Keywords: RNA recognition, Peptide nucleic acid, Triple helix, Modified nucleobases, Isothermal titration calorimetry
Compared to DNA, molecular recognition of double helical RNA has received little attention. Until relatively recently, RNA was viewed mostly as a passive messenger in the transfer of genetic information from DNA to proteins. However, recent discoveries of the central role that various non-coding RNAs play in gene expression have revitalized interest in molecular recognition of double helical RNA. Although RNA is a well-established target of current antibiotics, designing of new compounds that selectively recognize RNA has been a challenging task.1
Hydrogen bond mediated base pairing is the key feature of helical nucleic acids and would be inherently the most effective way of sequence selective recognition of RNA. Recognition of double helical DNA via triple helix forming oligonucleotides2 and polyamides3 that form extensive hydrogen bond contacts in the major and minor grooves of DNA, respectively, is well established.

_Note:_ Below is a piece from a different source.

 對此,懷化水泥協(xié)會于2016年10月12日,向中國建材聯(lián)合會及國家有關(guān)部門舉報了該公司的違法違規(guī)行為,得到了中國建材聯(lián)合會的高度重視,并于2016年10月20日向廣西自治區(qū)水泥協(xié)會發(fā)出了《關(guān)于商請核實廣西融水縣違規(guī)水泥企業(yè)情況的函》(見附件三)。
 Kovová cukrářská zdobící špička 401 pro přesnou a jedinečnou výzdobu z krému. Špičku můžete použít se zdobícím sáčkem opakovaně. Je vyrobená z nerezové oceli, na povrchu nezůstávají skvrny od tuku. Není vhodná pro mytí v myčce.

Compared to DNA, the wide and shallow minor groove of RNA double helix is less suited for molecular recognition. Surprisingly and in contrast to DNA, sequence selective recognition of double helical RNA using major groove triple helix is little studied.4 The major groove of RNA is deep and narrow, which may hinder the formation of triple helix. While DNA does not form triple helix with RNA, modestly stable RNA triple helices are formed via parallel binding of a pyrimidine rich RNA third strand to the purine rich strand of a double helix.4 The sequence selectivity derives from recognition of adenosine-uridine base pairs by uridine (U*A-U triplet) and guanosine-cytidine base pairs by protonated cytidine (C*G-C triplet) via the Hoogsteen hydrogen bonding scheme (Figure 1). Recently, we discovered that peptide nucleic acid (PNA),5 a neutral amide-linked analogue of DNA formed highly stable and sequence selective triple helices with double stranded RNA.6
Figure 1.

Structures of Hoogsteen U*A-U and C*G-C and the proposed iC*C-G base triplets and PNA (PNA1).

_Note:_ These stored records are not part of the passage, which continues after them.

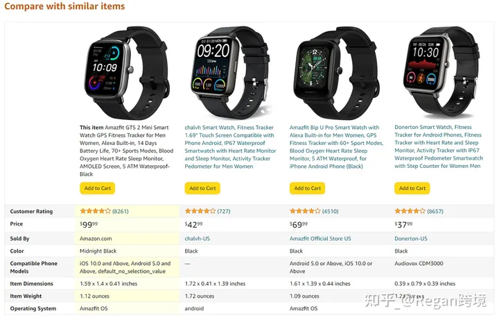 亚马逊根据产品相似性和买家购物习惯自动抓取推荐,把高度相似的产品进行对比
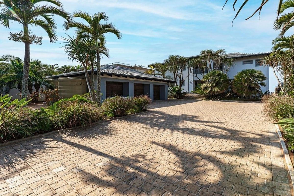 Beachfront entertaining and serene coastal living on Sea View Drive, Tinley Manor — direct beach access with panoramic Dolphin Coast views, six bedrooms and six bathrooms.
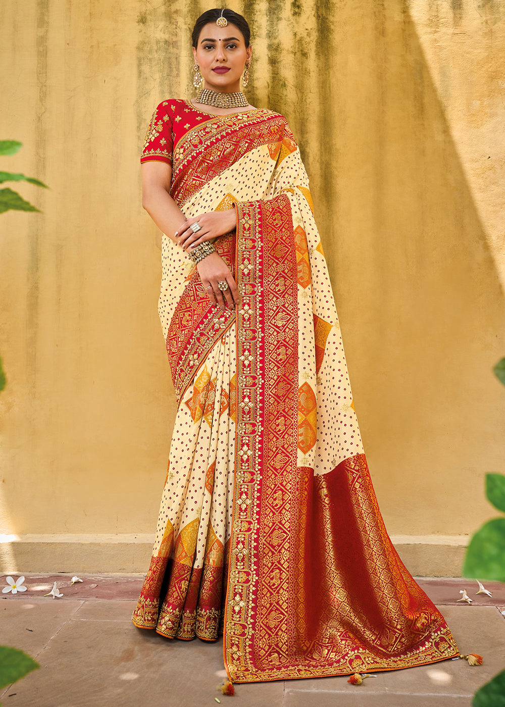 Alabaster White Dola Silk Saree with Beautiful Embroidery work: Wedding Edition
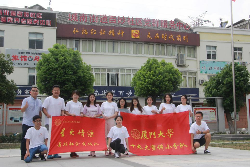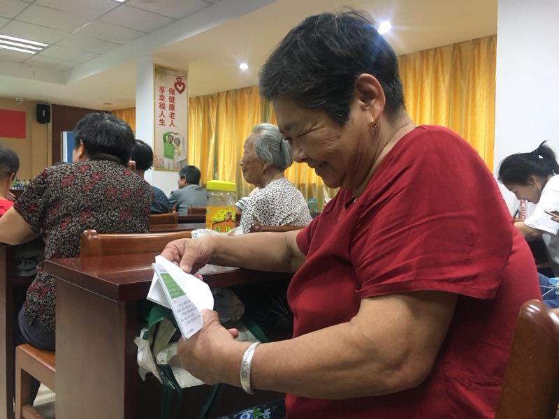2日下午,实践队前往嘉兴市百妙社区,向社区居民宣传党的十九大精神和宣传如何防止老人跌倒、均衡营养膳食等健康知识,并发放可随身携带的健康手册,普及健康生活常识。
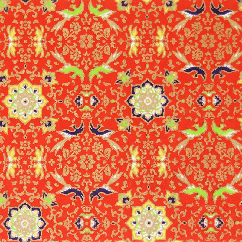 Hand-Dyed Yuzen paper is a kind of decorative paper screen-printed with multi-color. Japanese classical pattern designed with modern touch boldly and delicately, known as “Beauties of nature”, is used on this paper. “Beauties of nature” are also often used in kimono and most these bright, rich colors and motifs signify good fortune. This paper can be used in various ways, for example, wrapping, decorating walls and so on. This paper is made of Echizen washi paper produced in Echizen City (Fukui Prefecture, Japan). Washi paper in this area is designated as an Important Intangible Cultural Property of Japan, and has an established reputation for its high quality. Yuzen paper is hand-dyed color by color, so has some displacements of the patterns and color shadings. Thanks to these, it has a tasteful, unique texture or, a characteristic of hand-dyed products. size: 525 x 660 mm (pattern area: 500 x 635 mm)
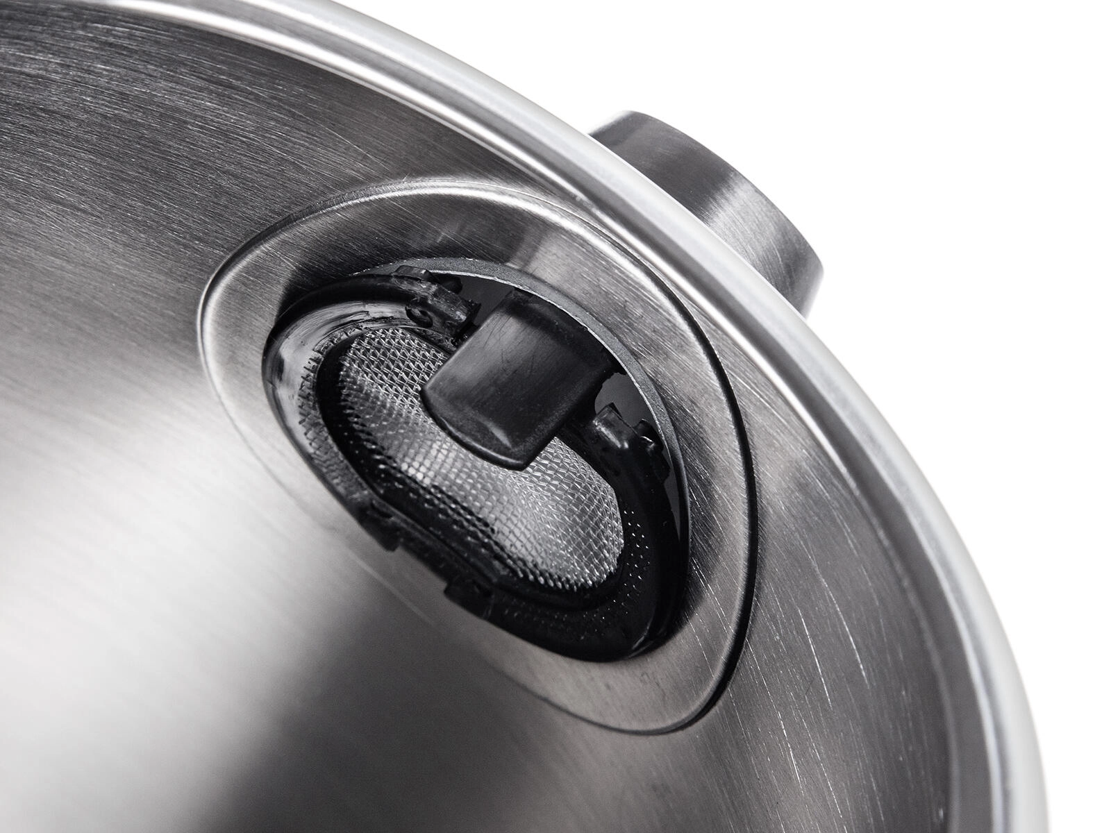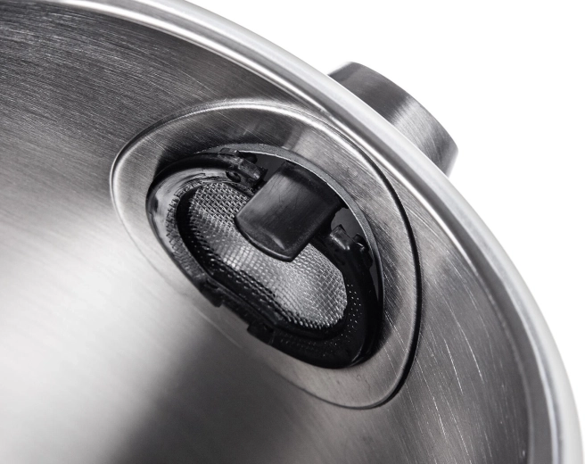 Trwała stal nierdzewna i wbudowany filtr wyłapują grubsze zanieczyszczenia, dzięki czemu cieszysz się czystą wodą i dłuższą żywotnością urządzenia.

A major limitation of triple helical recognition is the requirement for a polypurine tract, because only A and G can be recognized by the Hoogsteen hydrogen bonds (Figure 1). While double stranded RNA typically does not have long polypurine tracts, it is common to find stretches of eight and more purine bases interrupted by a couple of pyrimidines in micro RNAs (for structures, see www.mirbase.org) and other non-coding RNAs. Thus, if the sequence range of triple helical recognition could be expanded to recognize isolated pyrimidine inversions, the approach could be rendered useful for fundamental biochemical studies and practical applications.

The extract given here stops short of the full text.